The Linear Canvas
This journal is about the wrongs and rights of the world, as I see them.

The Linear Canvas

They’re All Just Terrorists Under The Skin: al Qaeda, Terry Nichols, and Oklahoma City

August 20th, 2009 . by Alexander Fisher

I am currently reading Richard A. Clarke’s book "Against All Enemies".  I highly recommend it. It is well written and mostly easy to follow. Mr. Clark is a former long time government employee who had worked in the consecutive administrations of Ronald Reagan, George H.W. Bush, Bill Clinton, and George W. Bush. He routinely held positions that required the highest of security clearance. It would include being Chief Counter-Terrorism Adviser on the U.S. National Security Council. That made him a member of the executive branch on 9/11. Published in 2004, the book is about his involvement in helping to direct the counter-terrorism strategy for the United States, through his retirement in 2003.

I came across these two paragraphs in the book. The context was a discussion on how some theories about government conspiracies were true while others were fabrications or distortions:

Another conspiracy theory intrigued me because I could
never disprove it. The theory seemed unlikely on its face: Ramzi
Yousef or Khalid Sheikh Mohammed had taught Terry Nichols how to
blow up the Oklahoma Federal Building. The problem was that, upon
investigation, we established that both Ramzi Yousef and Nichols had
been in the city of Cebu on the same days. I had been to Cebu years
earlier; it is on an island in the central Philippines. It was a town in
which word could have spread that a local girl was bringing her American
boyfriend home and that the American hated the U.S. government.
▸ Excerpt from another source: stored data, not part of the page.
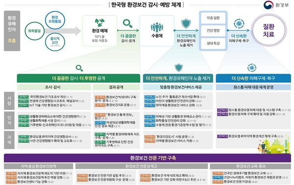 아울러 난개발·교통 밀집지역 등에 대한 건강영향조사를 확대하고 빅데이터를 토대로 지역별 환경피해 예측 지도를 작성하는 등 취약지역에 대한 환경·건강감시 또한 강화된다.
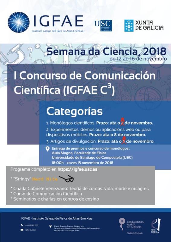 Xa o xoves 15 será a quenda do Concurso de Comunicación Científica do IGFAE, nunha sesión a partir das 18.00 horas na que se resolverá a competición de monólogos científicos e se entregarán os premios das categorías de artigos e experimentos, demostracións ou aplicacións móbiles. De xeito paralelo, entre os mércores 14 e o venres 16 desenvolverase un ‘Curso de Comunicación Científica’ a cargo de Eduardo Sáenz de Cabezón e Héctor Urién para o que é preciso realizar inscrición previa e que está dotado cunha carga lectiva de 13 horas.
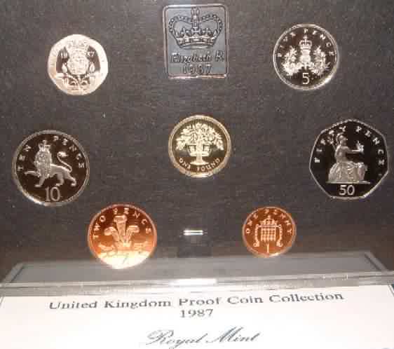 | 1987 Proof Set. (Currency) £1 English Oak Tree,50p,20p,10p,5p,2p,1p.Deluxe issue Red leatherette case & COA |
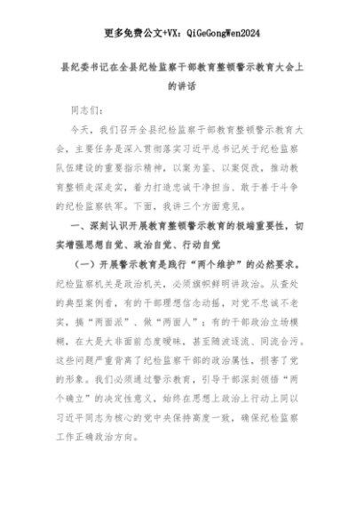 【七哥公文】2025年:县纪委书记在全县纪检监察干部教育整顿警示教育大会上的讲话+更多免费公文+VX:QiGeGongWen2024+更多免费公文+VX:QiGeGongWen2024
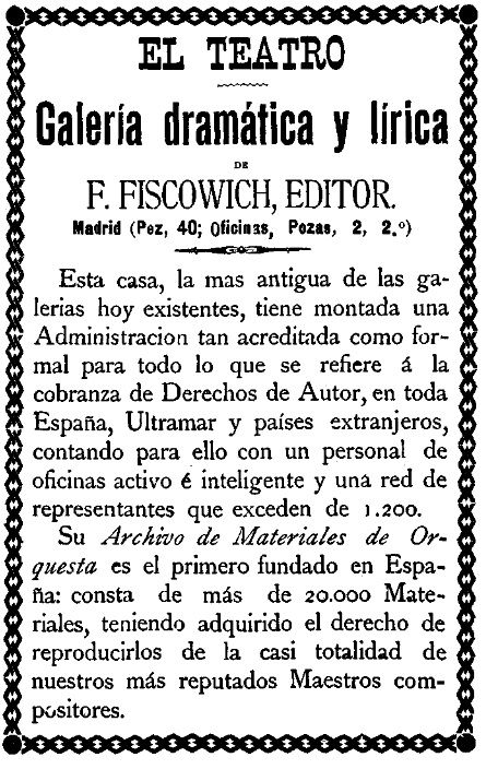 Afortunadamente la situación no llegó a tales extremos, pero el enfrentamiento con Fiscowich le cerró a Chapí la mayoría de los teatros de la capital así como la colaboración de muchos libretistas. La rebeldía del compositor hacia lo que era una situación de abuso y explotación sería uno de los primeros pasos hacia la creación de la Sociedad General de Autores, de la que Chapí sería uno de sus fundadores.

Yousef and Khilid Sheik Muhammad had gone there to help create
an al Qaeda spinoff, a Philippine affiliate chapter, named after a hero
of the Afghan war against the Soviets, Abu Sayaff. Could the al Qaeda
explosives expert have been introduced to the angry American who
proclaimed his hatred for the U.S. Government? We do not know, despite
some FBI investigation. We do know that Nichols’s bombs did
not work before his Philippine stay and were deadly when he returned.
We also know that Nichols continued to call Cebu long after his wife
returned to the United States. The final coincidence is that several al
Qaeda operatives had attended a radical Islamic conference a few years
earlier in, of all places, Oklahoma City.

I have not believed the official story about what happened on September 11, 2001 since the shock wore off.  That took about a month or two. Mr. Clarke says he does believe the official story, so obviously he is not trying to imply there is a connection.
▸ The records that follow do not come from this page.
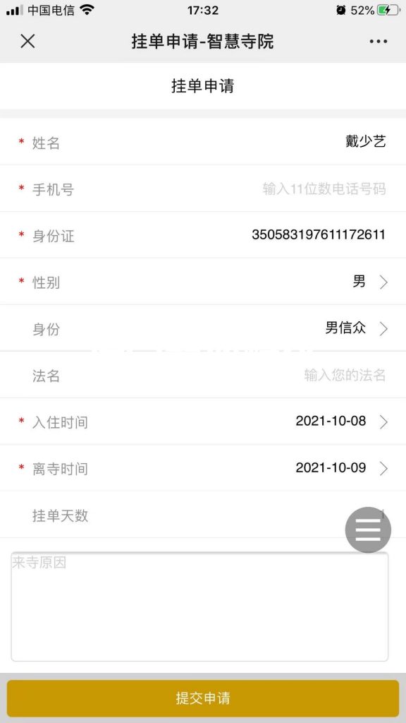 行腳師父可以通過(guò)網(wǎng)上查看寺院智慧寺院系統(tǒng),在寺院的功能板塊點(diǎn)擊掛單申請(qǐng)功能系統(tǒng)版塊,提前查看寺院的住宿情況,這樣大大為行腳師父知悉寺是否住宿額滿(mǎn)提供了方便之處。
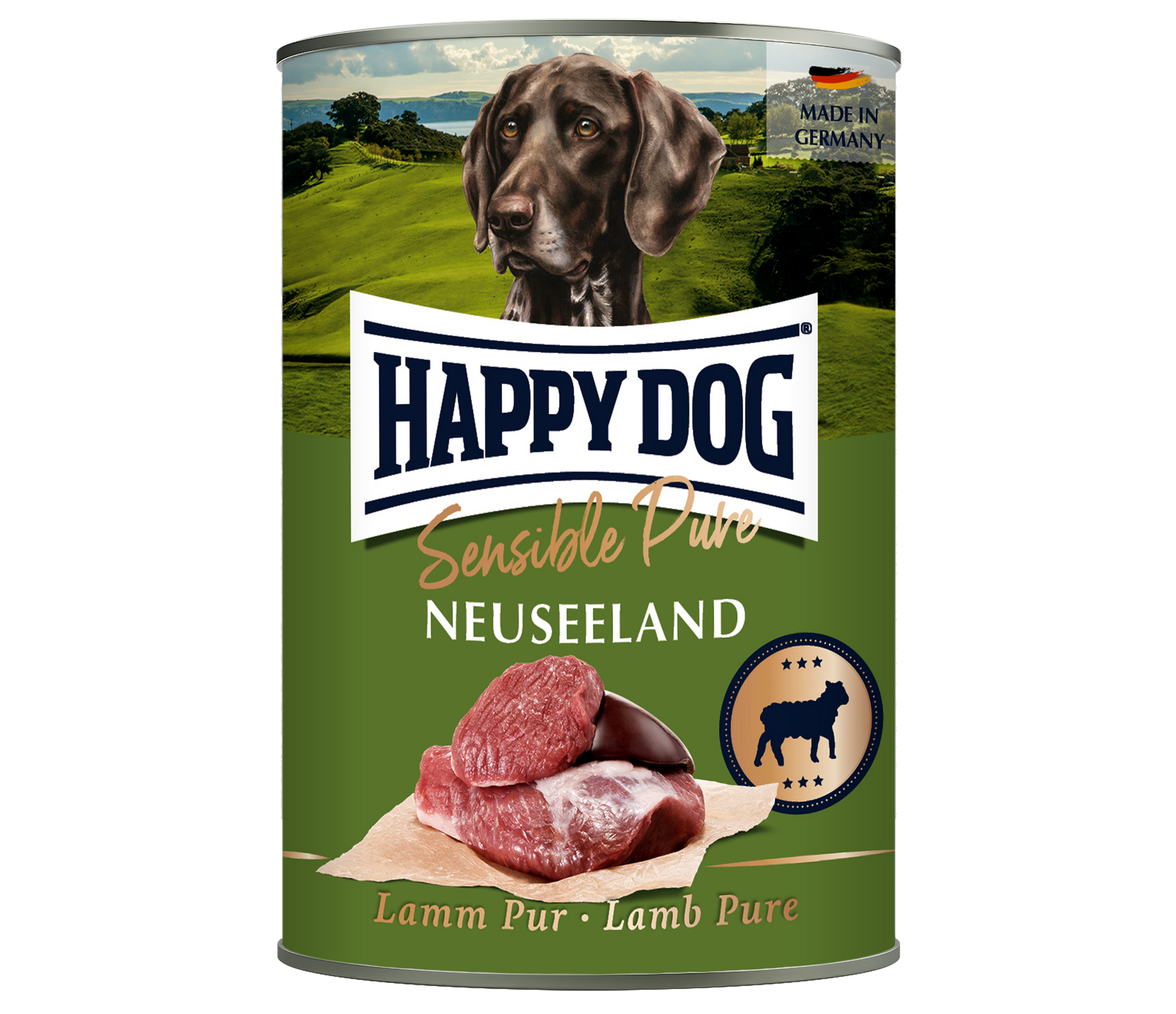 Would you like to add more variety to your four-legged friend’s menu to pep up his dry food? Then simply replace some of the dry food with a portion of wet food to bring extra moments of enjoyment to your pet’s bowl. Happy Dog Sensible Pure Neuseeland is perfect for combining with our Happy Dog Sensible Neuseeland dry food (Lamb & Rice).
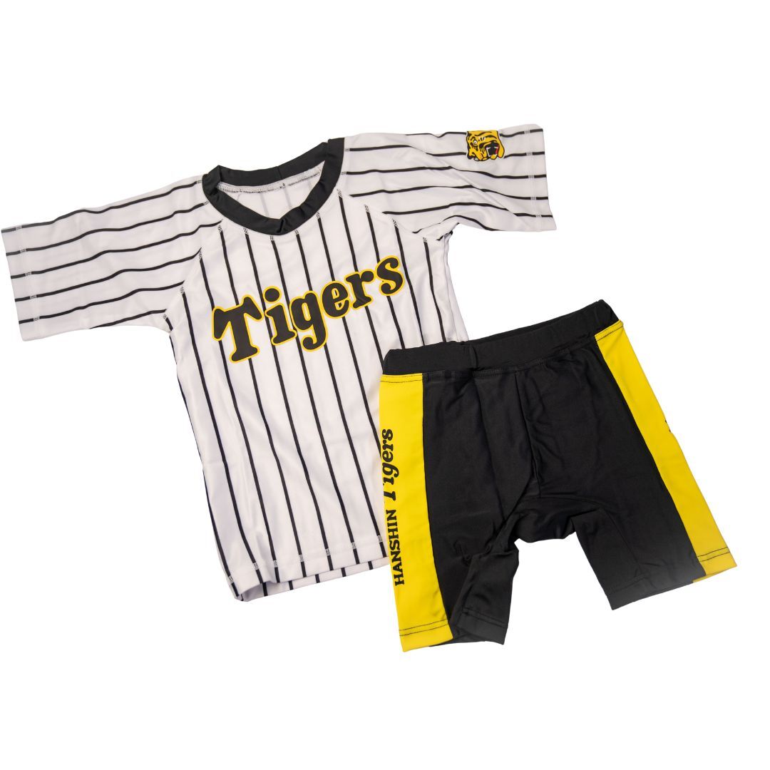 【35%オフ・値下げ】新品 阪神タイガース ラッシュスーツ 90cm ユニフォーム風 上下セット 虎ロゴ入り A

But taken with all the other evidence that exists for a connection between the CIA, the American political right-wing and al-Qaeda, I think that this story helps to illustrate the terrorist associations and cooperation that may actually exist in the United States.

It’s possible I could believe one of the fantastic, scientifically impossible tales about 9/11 the government has told us. But there’s way too many inconsistencies for me to swallow. I am thinking about making a short film about 9/11. I’ve also got an idea for a book. I wrote a song about it too. (obsessed much?)

I hope someday more people will be as curious to know what really happened on 9/11, like I am. If nothing else, there needs to be a re-investigation into who really screwed up that day and those people fired and/or charged with a crime. Comedian Bill Mahr likes to point out often, that he was the only person who got fired for 9/11 when he was dumped by ABC after the 9/11 event. Unfortunately he’s not completely kidding.